NHKはこれまで、放送の同時・見逃し配信(NHKプラス)や、ニュースを含む番組関連情報の発信といったインターネットサービスを任意業務として行なってきたが、今年5月に放送法が改正。「放送番組の同時配信」「放送番組の見逃し(聴き逃し)配信」「番組関連情報の配信」という3つのネットサービスが新たに必須業務と規定された。現在NHKでは、これら3つのサービスを2025年10月から本格運用すべく、具体的な内容や仕組み、受信料額などを検討している段階にある。

インターネットサービスは、既にテレビを設置して地上契約・衛星契約を結んでいる世帯は、追加の受信料負担をすることなく利用できる。その一方、テレビを持っておらず、また受信契約を結んでいない場合に関しては、2025年10月以降にインターネット経由でNHKコンテンツを利用すると、地上契約と同じ費用負担(月1,100円)が求められるようになる見込み。

今回公開されたサービスイメージ仮案では、NHKのインターネットサービスにおける契約対象有無の考え方が示された。

まず放送法では、NHKの必須業務全てに対して誤受信防止措置を講じるよう規定されており、「『特定必要的配信』の受信を開始しようとする者に対して通信端末機器の操作を求める措置その他の特定必要的配信の受信を目的としない者が誤ってその受信を開始することを防止するための措置を講じなければならない」と記されているという。

そこでNHKではネットサービス利用の前段において、受信契約が必要になる旨の案内を表示。さらに、掲示内容の同意を表すボタン操作(クリック)を行なうことで“契約対象”とする仕組みとした。クリックの取り消しはできない。

NHK番組関連情報配信業務規程参考説明資料より
サービスイメージは業務規程の内容に従いサービスを提供する場合の現時点での想定であり、2025年10月の時点で実際に提供するサービスとは異なる

ボタン操作を行なうと、サービス内のNHKコンテンツが閲覧できるようになる。
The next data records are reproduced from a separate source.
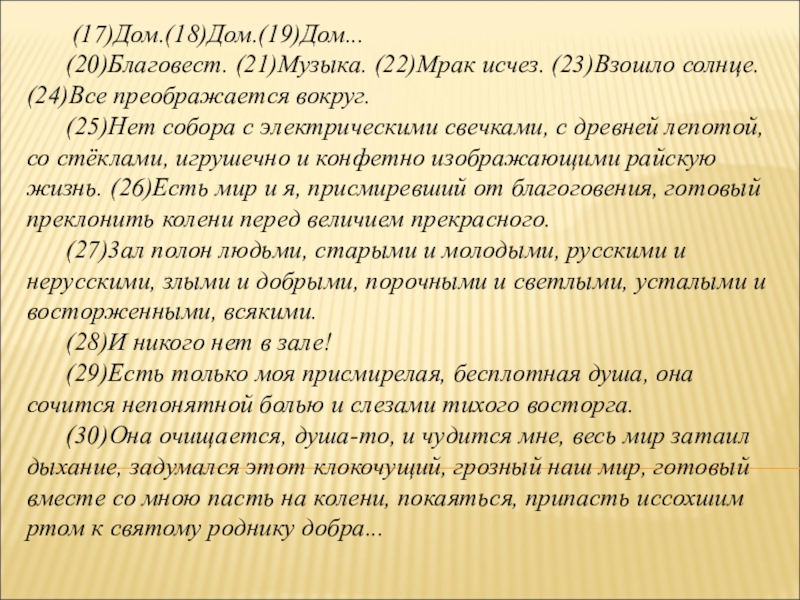 (25)Нет собора с электрическими свечками, с древней лепотой, со стёклами, игрушечно и конфетно изображающими райскую жизнь. (26)Есть мир и я, присмиревший от благоговения, готовый преклонить колени перед величием прекрасного.
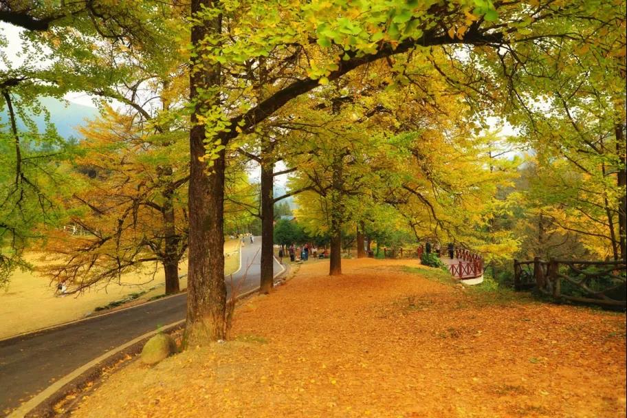 这里有300亩银杏林,3000多株的银杏树。在深秋之时,银杏树变成身着金黄铠甲的战士伫立着,满地的“黄金甲”是他们荣誉的象征。
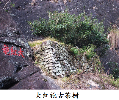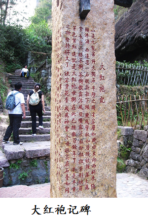 在九龙窠最后一窠的高岩峭壁间,有一片用石块垒成的盆景式茶园,上面生长着几株茶树,那就是久负盛名的大红袍古茶树。岩壁上有1927年天心永乐禅寺和尚所作的“大红袍”石刻。在岩壁下建有一个小平台,上面竖立着一块[w1]方柱形石碑,刻着《大红袍记》。现将《大红袍记》全文逐字抄录如下(原文为繁体字,无标点,我改为简体字,并试着加了标点。)
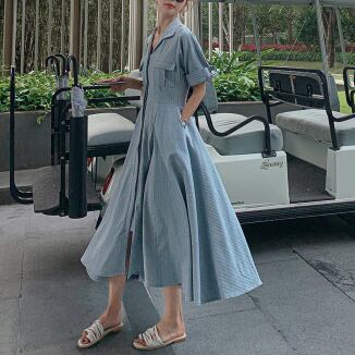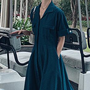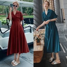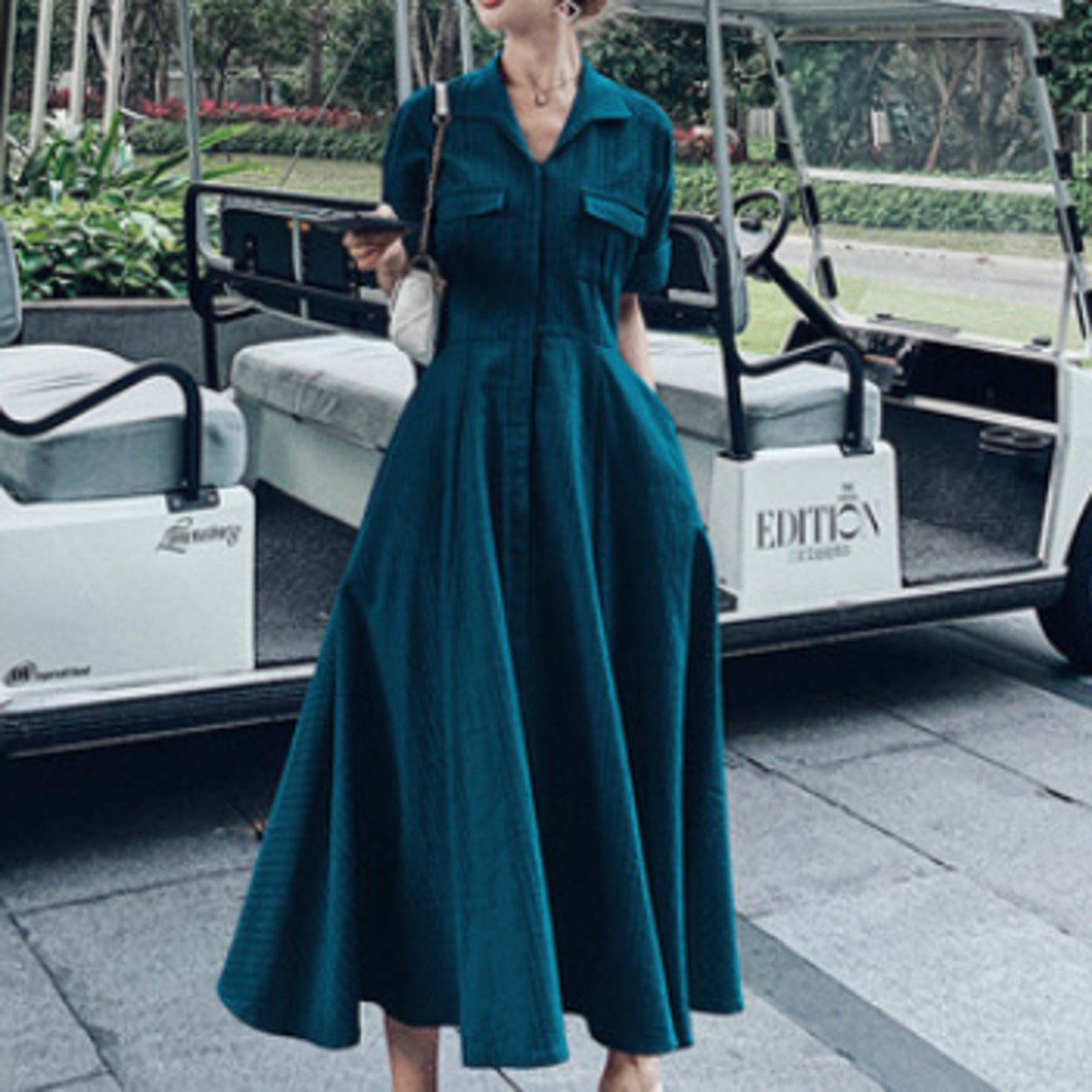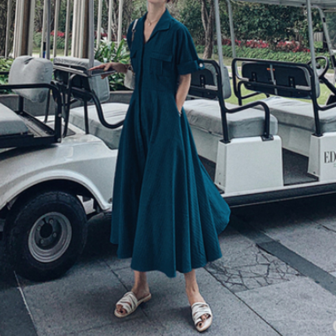ワンピース 襟付き ポケット エレガント デート フレア 人気 春夏 カジュアル お出掛け 女子会 リゾート 半袖 ロングワンピ ロング丈 ドレス 夏 海 ビーチ
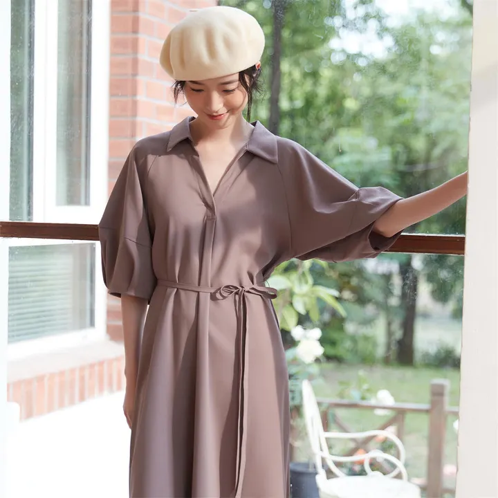 KNSO350フォルムボリュームスリーブワンピースリボンベルト付き MOCHA/M
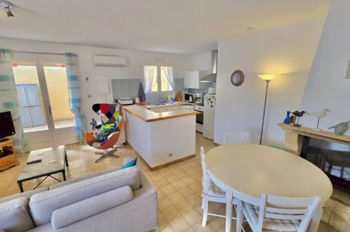 Located just outside Pézenas in a vibrant village, this spacious 72 m² first-floor apartment offers a rare combination of modern convenience and Mediterranean charm.
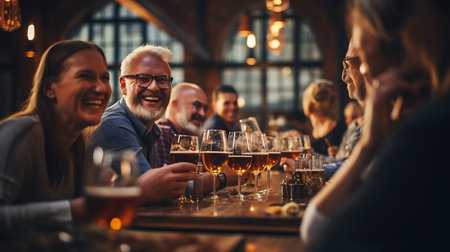 A group of people drinking beer at the pub's brewery restaurant AI generated
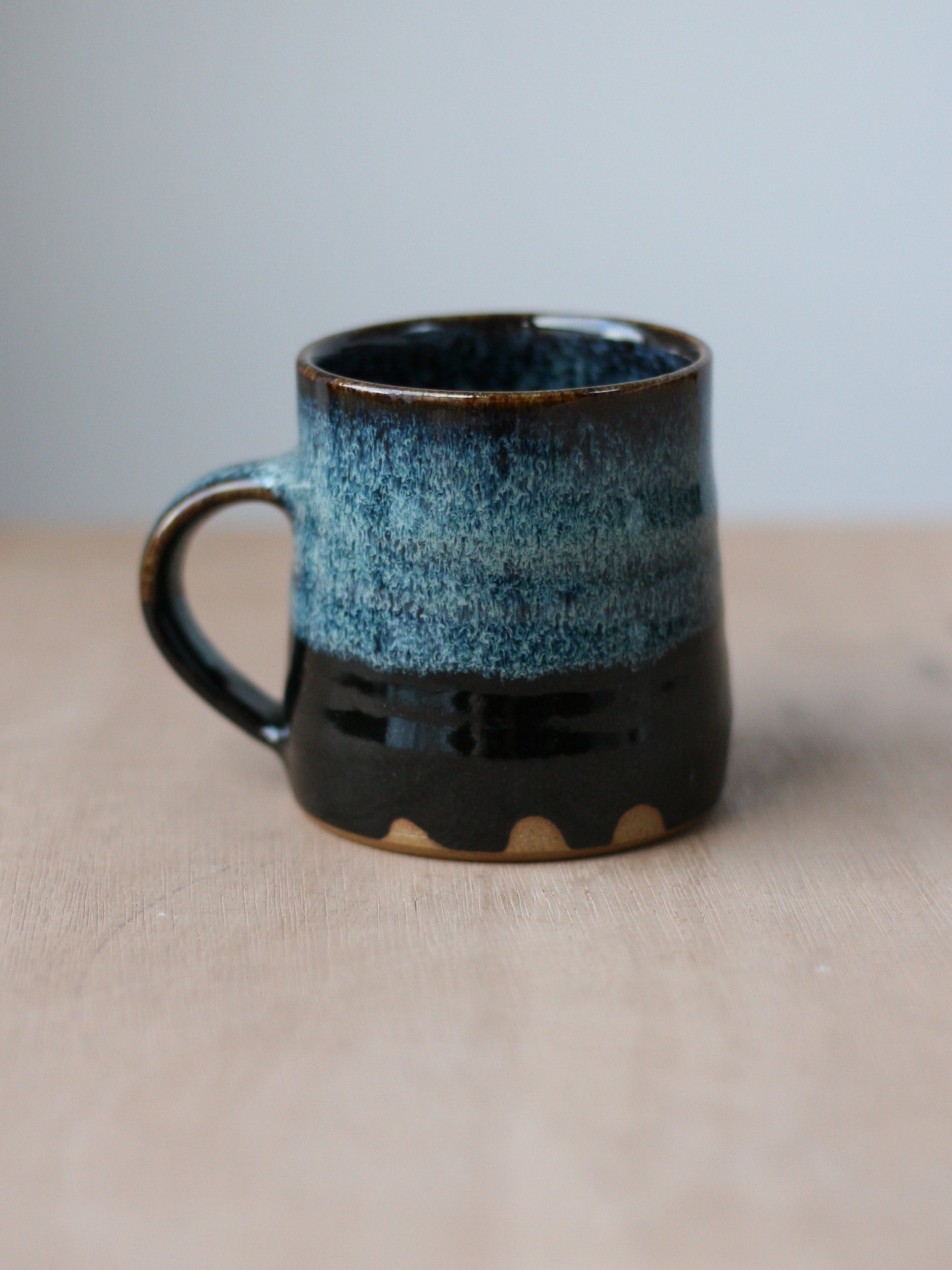 It’s wheelthrown in an iron-rich stoneware, with a pulled handle. It’s glazed in a glossy deep brown-black with a titanium white glaze over, giving a gorgeous ‘floating blue’ effect.

アカウント登録(会員登録)や契約確認は、視聴開始後に行なう必要があるが、一定期間を経ても必要なアクションがない場合には、コンテンツをマスクする形で登録や契約勧奨メッセージなどを表示させてタダ乗りを抑止する。

NHKは、「受信料制度を棄損することがないよう、サブスクリプションサービスにもフリーライドにもならない方式が大前提」と説明。

有料の動画配信サービスのような仕組み(名前やメールアドレス、クレジットカードなどの情報を入力して初めてサービス開始)でもなく、いつまでも無料で視聴できてしまうような仕組みでもない、放送と同等の適切なバランスを考慮したうえでの方式を採り入れたいとする。

今後も検討が必要な事項としては、登録や契約勧奨メッセージの表示形式や方法、表示頻度など。いつまでも必要なアクションが確認できない場合の対応等も現在検討しているものの、放送の契約と同じく、ネット受信料に対しても「割増金の考え方は変わらない」とのこと。

NHK番組関連情報配信業務規程参考説明資料より
サービスイメージは業務規程の内容に従いサービスを提供する場合の現時点での想定であり、2025年10月の時点で実際に提供するサービスとは異なる

解約の具体的な方法についても検討中とのことだったが、「利用者の通信端末が“誤受信防止措置を押す前に戻した状態”をどのように証明・確認するかは、今後の検討課題」とコメント。「(インターネットサービスは)いまある受信料制度をネットにも伸ばしたものであり、そもそもパッと入ったり止めたりという話は受信料制度ではないが、より良い形を進めていきたいと思っている」と話した。